The lesson was enshrined in a fable over 2600 years ago, yet some still don’t get it today – killing the goose to get the gold inside leaves one with only a dead goose. Put another way, and as has been demonstrated by one high tax jurisdiction after another, greed overreaches and leads to loss.
One effort to spare the goose and stem the damage is the Internet Tax Freedom Forever Act, which would finally make permanent the existing ban on Internet access taxes and on multiple and discriminatory taxes on e-commerce.

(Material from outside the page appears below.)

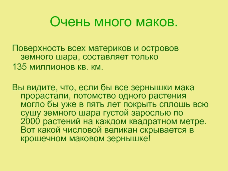 Вы видите, что, если бы все зернышки мака прорастали, потомство одного растения могло бы уже в пять лет покрыть сплошь всю сушу земного шара густой зарослью по

The moratorium, first enacted in 1998, merely prevents state and local governments from levying taxes on Internet access, and also prevents discriminatory taxes; that is, taxes applied on an additional or higher level on Internet purchases.
Allowing new discriminatory Internet taxes only serves to dampen on-line commerce and the slow the spread of broadband Internet access. A mere extension of the ban would introduce uncertainty into the marketplace, hinder long term investment in the Internet ecosystem that drive innovation and provide a foundation for America’s competitiveness.
But even with the “Internet tax moratorium” it is still possible that the same digital good or service purchase could be taxed by several different jurisdictions. So, one purchase could easily be taxed by the jurisdiction where the good is purchased, again where the merchant is located and yet again in the jurisdiction where the wireless bill for the account used is sent. One purchase with sales tax applied three times, a feast for tax hungry states looking for more revenue to fuel ever higher spending.
The “Digital Goods and Services Tax Fairness Act” would fix this problem by preventing digital goods and services purchases from being subjected to multiple and discriminatory taxes.
Some are so tax hungry they are willing to violate the Constitution in an effort to rake in citizen’s hard earned cash. The so-called Marketplace Fairness Act, a proposal that does away with any requirement that a business have a physical connection to a jurisdiction before it can be required to levy taxes on its sales, is currently pending before the U.S. Congress. If this law were to pass, a person merely calling up a website of a business would be enough to require that business to pay taxes in that state where the caller resides. A discriminatory Internet tax would look mild by comparison.
Part of the U.S. Constitution was written in response to this exact problem, which developed under the Articles of Confederation: States looting across state lines and taxing without representation.
Let’s hope the Internet goose doesn’t get cooked and end the golden era of growth of the Internet economy.